= P/O ratio =

The phosphate/oxygen ratio, or P/O ratio, refers to the amount of ATP produced from the movement of two electrons through a defined electron transport chain, terminated by reduction of an oxygen atom.

The P/O ratio is dependent on the number of hydrogen ions transported outward across an electrochemical gradient, and the number of protons which return inward through the membrane via an enzyme such as ATP synthase. The ATP synthase works by a rotary mechanism. The ATP generated will be dependent on the amount of ATP produced per rotation of the ATP synthase rotor, and the number of protons necessary to complete a rotation. Every full rotation produces 3 ATPs. According to current understanding of the mechanism of the F_{0} part, the number of protons translocated per rotation is exactly equal to the number of subunits in the c ring. Recent structural studies show that this is not the same for all organisms. For vertebrate mitochondrial ATP synthase, the number of c subunits is 8
. The synthase thus requires 8 protons to synthesize three ATP, or 8/3 protons/ATP.

Inward moving protons must not only power rotation of ATP synthase, but may also be used in the transport of products and precursors. Given the net charge differences between ATP and ADP, the enzyme ATP–ADP translocase dissipates the charge equivalent of one hydrogen ion from the gradient when moving ATP (outward) and ADP (inward) across the inner mitochondrial membrane. The electroneutral symport of phosphate ion and H+ results in importing one proton, without its charge, per phosphate. Taken together, import of ADP and Pi and export of the resulting ATP results in one proton imported, subtracting from the number available for use by the ATP synthase directly.
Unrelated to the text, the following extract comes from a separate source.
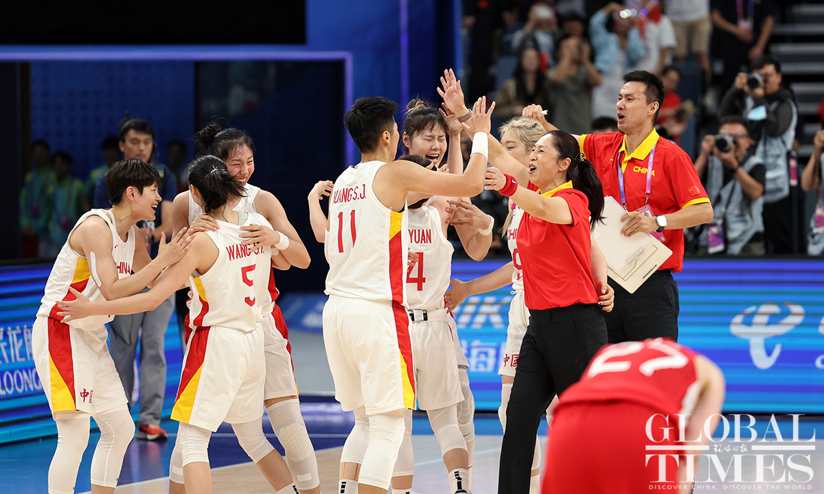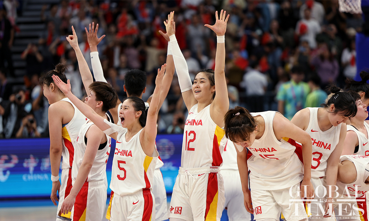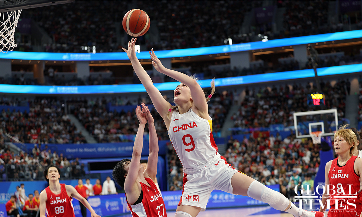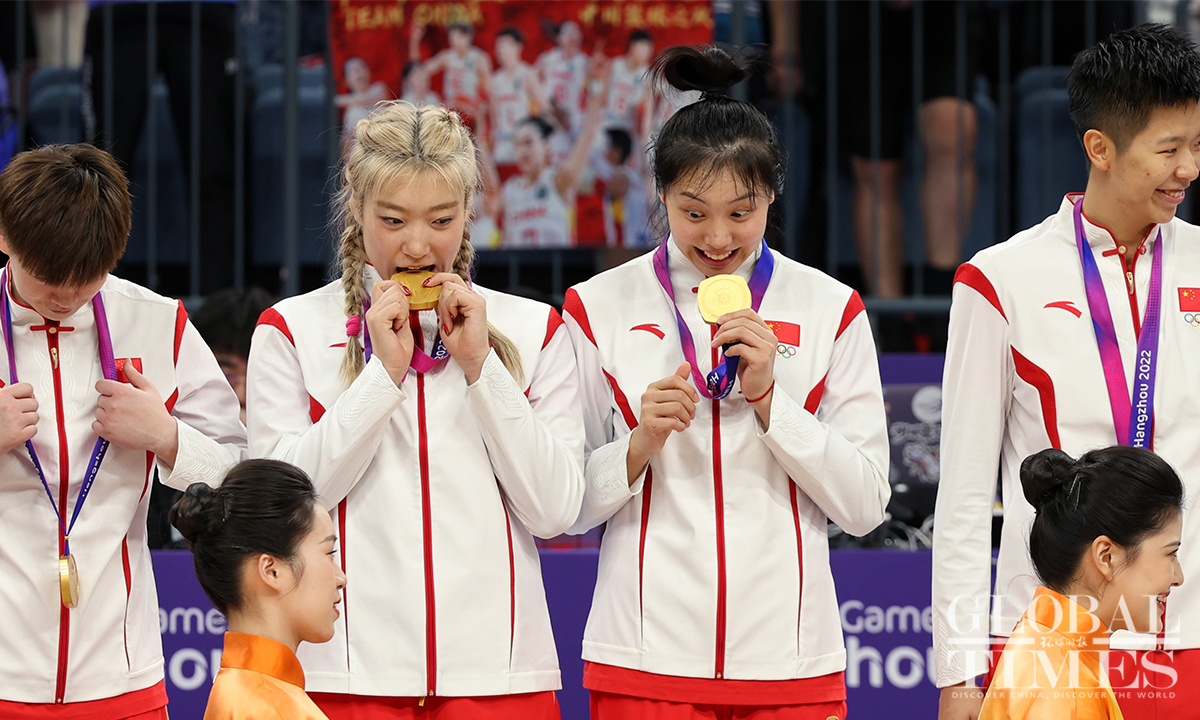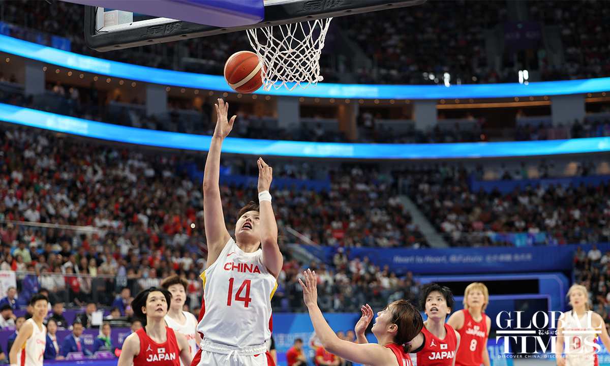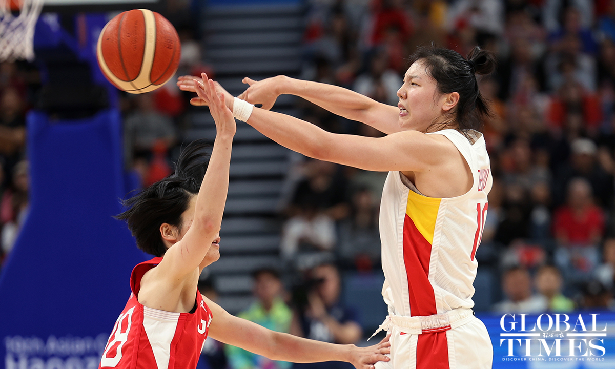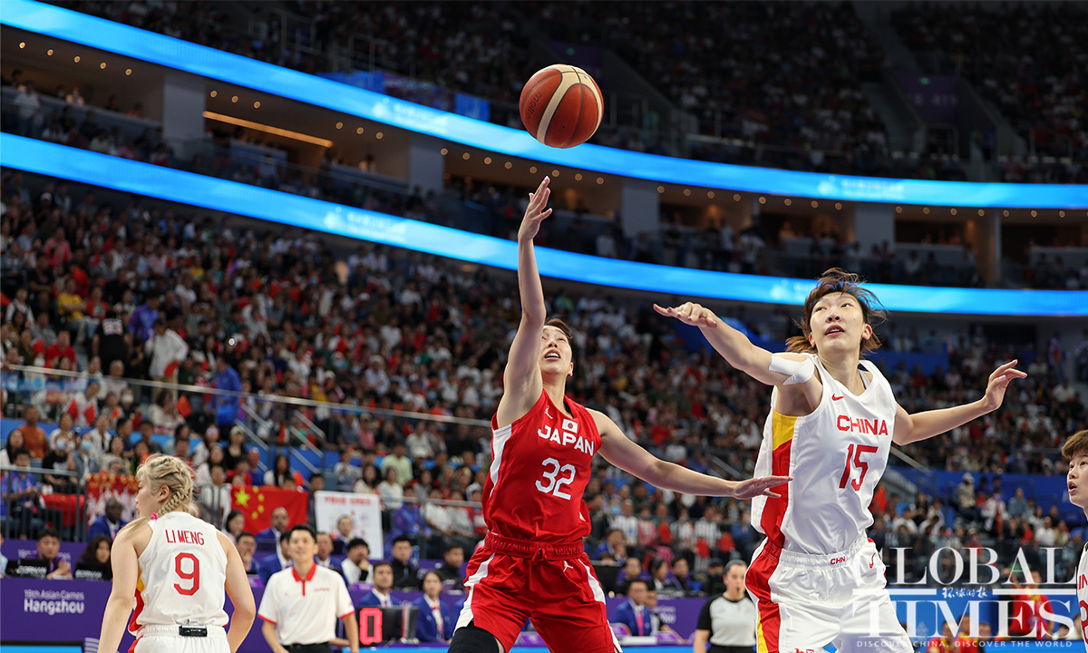 China successfully defended its title in women's basketball at the Asian Games on Thursday, defeating arch-rival Japan with a score of 74-72. Being ranked second in the world, China dominated the game from the start, taking a commanding 26-16 lead in the first quarter. However, Japan managed to catch up and tie the game at 72-all. In the final seconds, Wang Siyu made a crucial layup, securing China's seventh gold medal at the prestigious multi-sports event. This victory adds to China's recent success in women's basketball, including a runner-up position at the FIBA Women's World Cup last year and winning the FIBA Women's Asia Cup in July. (Photos:Cui Meng/GT)

Taking this into account, it takes 8/3 +1 or 3.67 protons for vertebrate mitochondria to synthesize one ATP in the cytoplasm from ADP and Pi in the cytoplasm.
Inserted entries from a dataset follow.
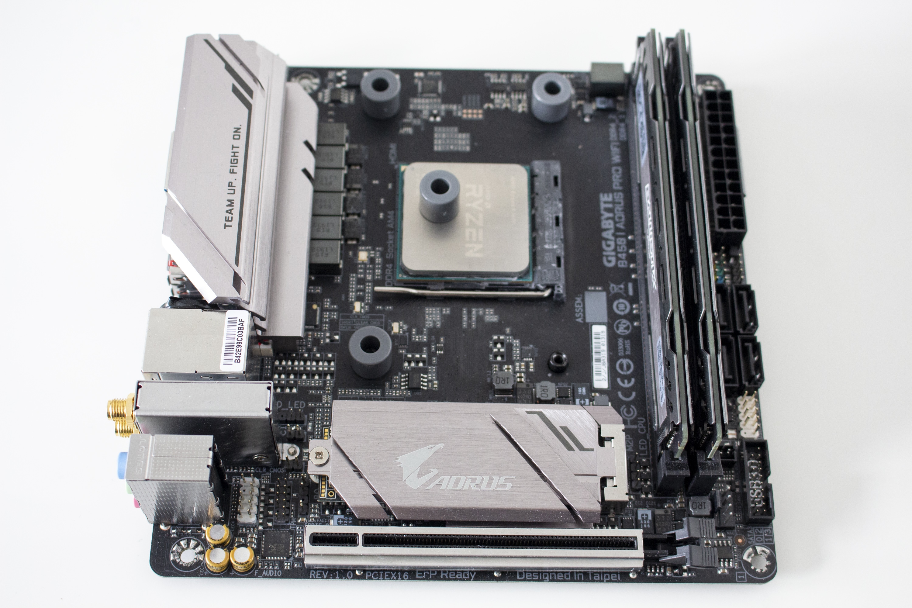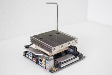 Wie bereits im vorherigen Kapitel aufgezeigt, verwenden wir als Testhardware ein AM4-System auf Basis des Ryzen 5 1400 und dem Gigabyte B450 I Aorus Pro WIFI. Der Ryzen läuft auf 3.8 GHz bei 1,25V. Der Lüfter des NH-L12 S1 Ghost war so verbaut, dass dieser die Luft durch den Kühler zieht und auf das Mainboard befördert.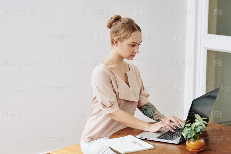 Студентка, работающая на ноутбуке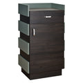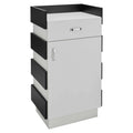 The simple shape of the furniture is broken up by decorative chipboard slats. Despite its very compact size, the reception desk offers functional solutions – a practical drawer and a lockable cabinet, which facilitate daily work organization.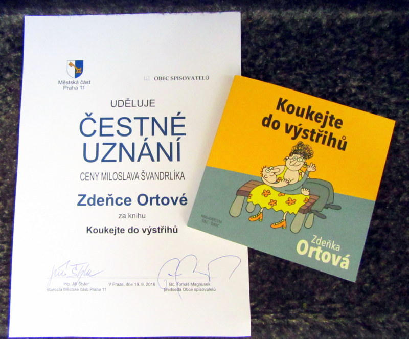 Do finále letošního ročníku se dostala mezi tři nejlepší humoristické knihy i knížka fejetonů velvarské spisovatelky Zdeňky Ortové „Koukejte do výstřihů a bylo jí uděleno Čestné uznání. Předávání cen uváděl Radim Uzel, v průběhu večera recitoval a zpíval Jan Vodňanský a ceny předal předseda Obce spisovatelů režisér Tomáš Magnusek. Blahopřejeme ! (ls)

Within aerobic respiration, the P/O ratio continues to be debated; however, current figures place it at 2.5 ATP per 1/2(O_{2}) reduced to water, though some claim the ratio is 3. This figure arises from accepting that 10 H^{+} are transported out of the matrix per 2 e^{−}, and 4 H^{+} are required to move inward to synthesize a molecule of ATP.
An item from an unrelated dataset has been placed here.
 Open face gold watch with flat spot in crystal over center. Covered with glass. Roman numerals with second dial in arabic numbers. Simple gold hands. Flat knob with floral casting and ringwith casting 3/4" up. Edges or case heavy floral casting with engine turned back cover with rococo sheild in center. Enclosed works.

The H+/2e^{−} ratios of the three major respiratory complexes are generally agreed to be 4, 4, and 2 for Complexes I, III, and IV respectively. The H^{+}/O ratio thus depends whether the substrate electrons enter at the level of NADH (passing through all three for 10 H^{+}/2e^{−}) or ubiquinol (passing through only complexes III and IV for 6H^{+}/2e^{−}). The latter is the case when the substrate is succinate or extramitochondrial NADH being oxidized via the glycerol phosphate shuttle; or other UQH2-linked dehydrogenase. During normal aerobic respiration the ratio would be somewhere between these values, as the TCA cycle produces both NADH and ubiquinol.

The resulting P/O ratio would be the ratio of H/O and H/P; which is 10/3.67 or 2.73 for NADH-linked respiration, and 6/3.67 or 1.64 for UQH2-linked respiration, with actual values being somewhere between.